§ **Input**:
BEGIN

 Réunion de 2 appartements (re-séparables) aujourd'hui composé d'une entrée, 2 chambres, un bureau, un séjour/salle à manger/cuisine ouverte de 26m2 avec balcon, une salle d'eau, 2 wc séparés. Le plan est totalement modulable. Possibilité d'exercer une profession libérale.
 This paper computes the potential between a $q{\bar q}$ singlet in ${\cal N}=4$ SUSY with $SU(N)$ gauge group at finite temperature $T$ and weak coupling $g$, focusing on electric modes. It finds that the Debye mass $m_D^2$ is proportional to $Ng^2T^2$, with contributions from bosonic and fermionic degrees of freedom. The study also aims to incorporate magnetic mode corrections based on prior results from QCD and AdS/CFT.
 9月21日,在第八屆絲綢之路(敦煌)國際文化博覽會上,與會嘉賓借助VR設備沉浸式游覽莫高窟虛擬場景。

END
BEGIN

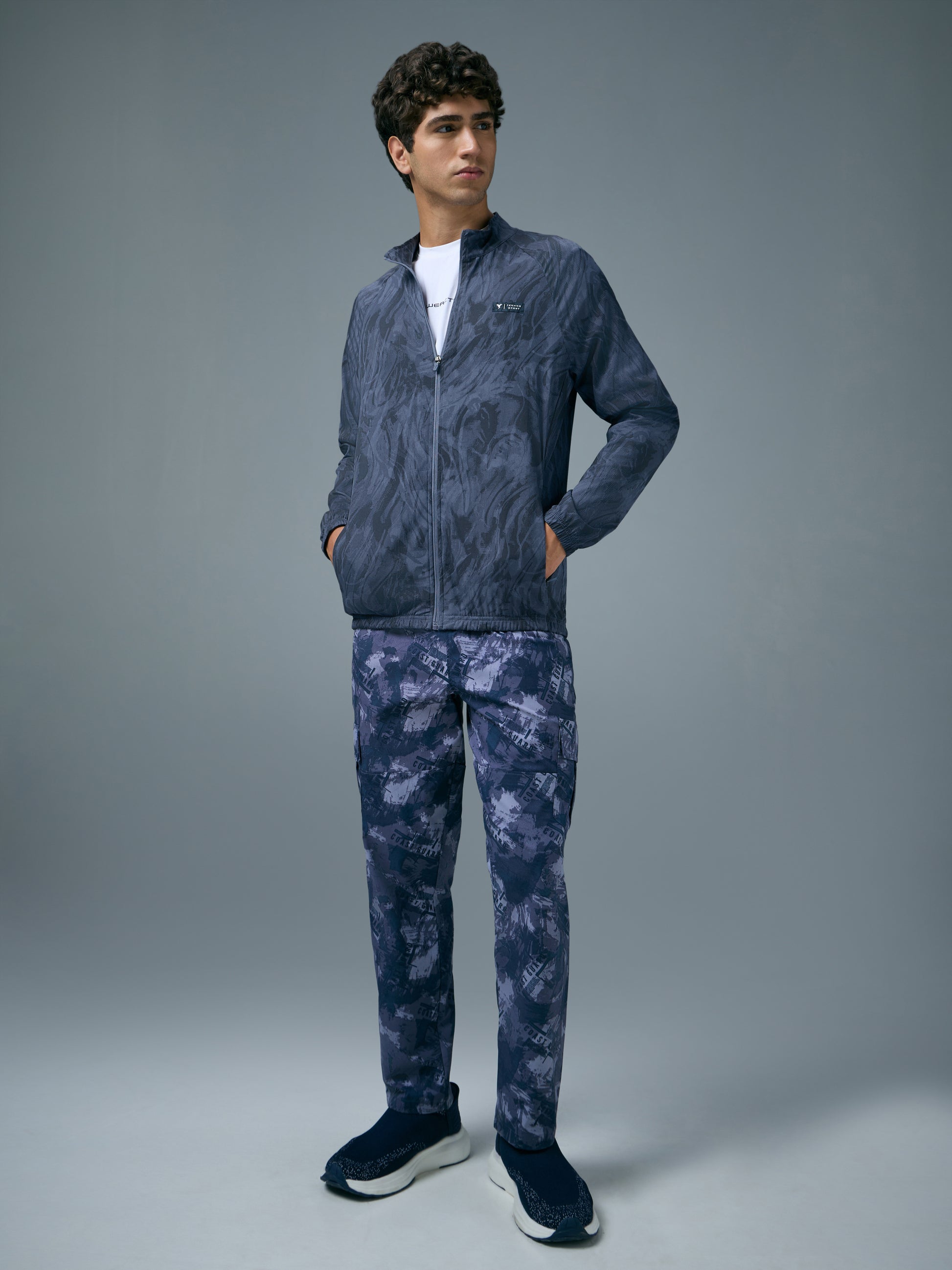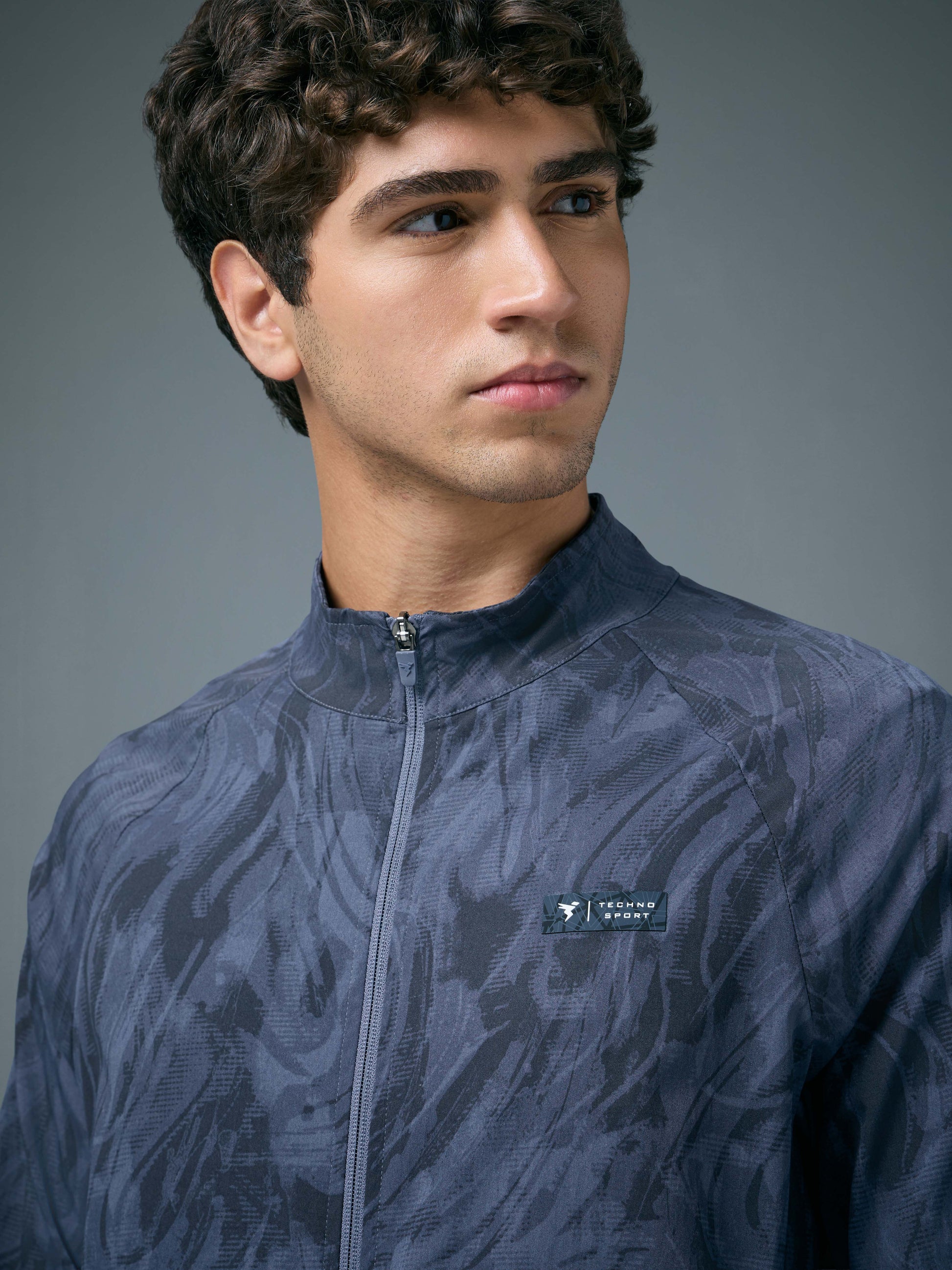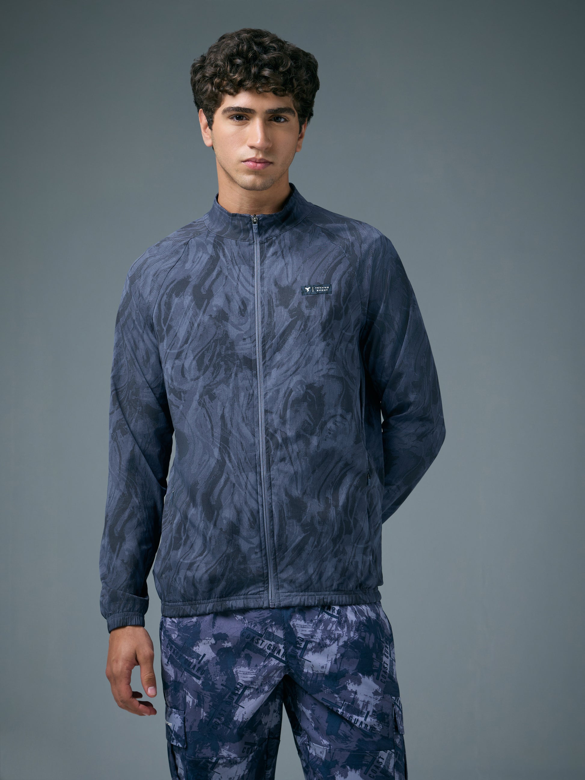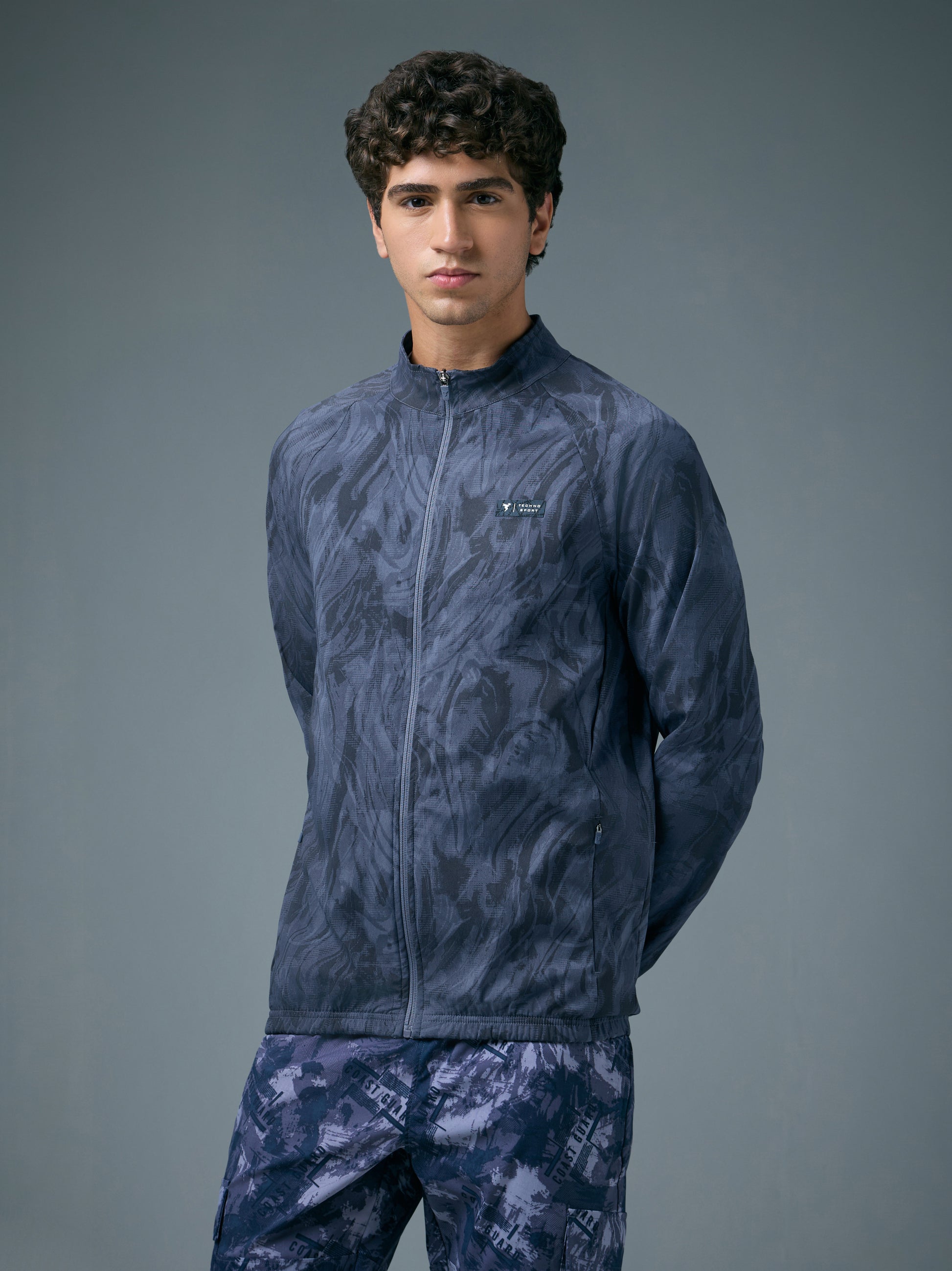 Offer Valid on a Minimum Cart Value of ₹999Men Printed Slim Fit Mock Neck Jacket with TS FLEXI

END
BEGIN

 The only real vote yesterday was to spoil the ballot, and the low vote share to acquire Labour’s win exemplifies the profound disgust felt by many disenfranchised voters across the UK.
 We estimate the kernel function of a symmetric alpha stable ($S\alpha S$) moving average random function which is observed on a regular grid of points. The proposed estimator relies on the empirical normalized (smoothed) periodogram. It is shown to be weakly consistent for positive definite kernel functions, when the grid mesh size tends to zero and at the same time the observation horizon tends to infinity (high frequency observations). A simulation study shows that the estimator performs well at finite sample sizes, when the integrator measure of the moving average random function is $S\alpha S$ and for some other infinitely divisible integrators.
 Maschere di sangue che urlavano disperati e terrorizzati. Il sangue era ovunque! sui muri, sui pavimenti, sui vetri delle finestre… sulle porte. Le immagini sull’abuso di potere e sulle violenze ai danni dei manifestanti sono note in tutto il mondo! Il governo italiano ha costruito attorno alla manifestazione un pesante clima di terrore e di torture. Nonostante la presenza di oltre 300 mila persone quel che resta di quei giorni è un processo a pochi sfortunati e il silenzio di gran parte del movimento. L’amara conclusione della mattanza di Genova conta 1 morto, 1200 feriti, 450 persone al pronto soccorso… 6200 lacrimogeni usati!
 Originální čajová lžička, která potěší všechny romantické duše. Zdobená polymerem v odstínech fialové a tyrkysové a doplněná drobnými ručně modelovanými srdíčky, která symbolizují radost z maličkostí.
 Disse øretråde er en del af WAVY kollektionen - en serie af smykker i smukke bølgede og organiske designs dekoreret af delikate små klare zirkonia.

END

§ **Problem requirements**: Print exactly the lines above from the one with "Originální čajová lžička, která" to the one with "Disse øretråde er", including both.

§ **Solution**:
 Originální čajová lžička, která potěší všechny romantické duše. Zdobená polymerem v odstínech fialové a tyrkysové a doplněná drobnými ručně modelovanými srdíčky, která symbolizují radost z maličkostí.
 Disse øretråde er en del af WAVY kollektionen - en serie af smykker i smukke bølgede og organiske designs dekoreret af delikate små klare zirkonia.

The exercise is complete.